集中治療室(ICU)で治療を受ける患者の家族は、治療について不安や疑問があっても医療スタッフに話しかけるのを躊躇する人が多いことが、米ベス・イスラエル・ディーコネス医療センターのSigall Bell氏らが実施した調査から明らかになった。Bell氏は「自分の思いや考えを口に出すことは、医療において安全性を最優先する価値観を共有する上で重要な鍵となる。しかし、ICUの患者の家族にとってはそれが難しい状況であることが分かった」と話している。調査結果は「BMJ Quality and Safety」7月12日オンライン版に発表された。

Bell氏らは今回、2014年7月から2015年2月までに米国都市部にある医療センターのICUで治療を受けた患者の家族105世帯を対象に調査を実施した。さらに、最近、ICUで治療を受けた1,050人を対象に、その経験について尋ねるオンライン調査を行った。

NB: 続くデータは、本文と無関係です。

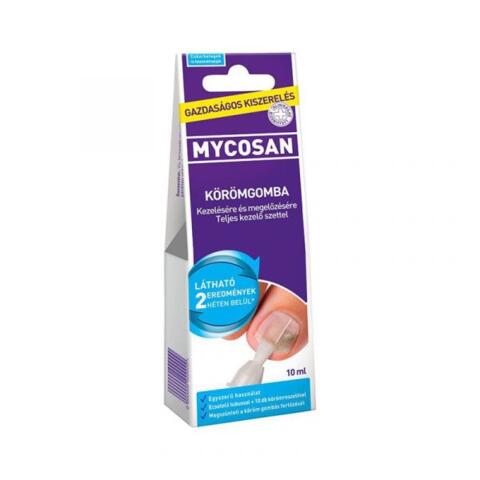 Bioaktív széruma behatol a körömlemezbe és a körömágyig beszívódva a "gyökerénél” pusztítja el a kórokozókat.Stabilizálja a köröm szerkezetét, táplálja és ellenállóbbá teszi a körömágyat.Hatását klinikai vizsgálatok igazolják. Mycosan – egyszerű, gyors és hatásos módja annak, hogy megszabaduljunk a körömgombától.A köröm kezelésére alkalmas komplett kezelő készlet, amely ecsettel ellátott, felhasználóbarát tubusba töltött szérumból, valamint 10 darab, egyszer használatos körömreszelőből áll.A Mycosan harcba száll a körömgomba kialakulásáért felelős gombákkal.A Mycosan egyedülálló, szabadalmaztatott bioaktív hatóanyagot tartalmaz, melyre a szabadalmi jogot bejegyezték.A szer hatása néhány héten belül jelentkezik. A Mycosan-t cukorbetegek és gyermekek is használhatják.

医療センターのICUで治療を受けた患者の家族を対象とした調査では、不安や疑問があったときに医療従事者に尋ねることに関して、薬剤について心配なことがある場合には、回答者の約3分の2が「とても話しかけやすかった」と回答していた。しかし、医療従事者の手指衛生への懸念や積極的治療の必要性などについて「話しかけやすかった」と回答したのは約3分の1に過ぎないことが分かった。

また、医療従事者から提供された情報が分かりにくかったり、矛盾している場合や、医療ミスを疑わせることがあった場合に、それらについて「説明を求めやすい」と回答したのは半数にとどまった。なお、こうした場合に患者や家族が医療従事者に話しかけにくい理由として挙げたのは、「トラブルメーカーだと思われたくない」「誰に相談したらよいのか分からない」「医療チームが忙しそうだった」などであった。

このほか、「高齢者」や「女性」、「医療業界で働いた経験がある人」は、ICUで不安感や不信感を持ったときに、率直にそのことを医療スタッフに尋ねる傾向が強いことも明らかになった。

Bell氏らによれば、今回の調査対象者は英語が母国語で、学歴が大卒以上の人や医療業界となんらかの関係がある人が多かった。そのため、実際には、この調査結果で示された以上に問題は深刻な可能性があるとしている。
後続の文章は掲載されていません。